Exclusive research: Pensions Insight finds the industry split over the suitability of default funds and whether there should be one default fund, or many

Readers were exactly split over whether the scheme’s default fund will give members enough savings to provide a decent income in retirement (see right).

“This is quite an interesting one because what that’s saying is we think that the members’ attitudes and circumstances should be taken into account,” says Hargreaves Lansdown’s Laith Khalaf.

“But that can’t really be incorporated within a default fund because if you start having lots of default funds, you don’t have a default fund any more. What you have is a fund choice.”

Opinions also sharply differed on whether employers should offer more than one default fund.

“Some organisations lend themselves to having different default funds,” says Helen Ball of Sackers, who uses the example of a large company with a wide range of workers, who are likely to have different retirement needs and indeed retirement dates.

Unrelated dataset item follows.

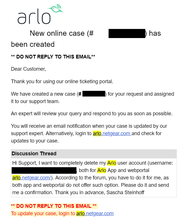 Es gab bei Arlo aber auch einen schweren grundsätzlichen Mangel. Der zeigte sich, als wir nach dem Test die Benutzerkonten und die damit verbundenen Videobibliotheken bei Blink und Arlo auflösen wollten. Bei Blink war das eine unkomplizierte Sache und mit wenigen Klicks erledigt. Aus Sicherheitsgründen kann man dann mit der gleichen Mailadresse bei Blink kein neues Benutzerkonto anlegen. Das ist aber auch die einzige und durchaus akzeptable Einschränkung. Bei Arlo hingegen kann der Benutzer sein Konto gar nicht selbst auflösen! Stattdessen muss man den Support hierfür um Unterstützung bitten und hoffen, dass der dann auch tätig wird. Dies wird in entsprechenden Foren als sehr mühselig beschrieben und das können wir bestätigen. Auf unsere Löschanfrage an den Arlo-Support haben wir nie eine Antwort erhalten. Datensouveränität gesteht zumindest Arlo seinen Anwendern ganz offensichtlich nicht zu.

The bigger the organisation, the more chance there is that you would have different default funds

“The bigger the organisation, the more chance there is that you would have different default funds,” explains Ball.

Stephen Lefley, director, corporate distribution, for Zurich Corporate Savings, argues contribution levels are much more important than the default fund.

“[Insufficient contribution rates] are going to be the biggest undoing of this vast new population in DC,” he predicts.

“It’s up to us, actually, to be quite clever here and to get the best outcomes at retirement possible with them having very little engagement ever.”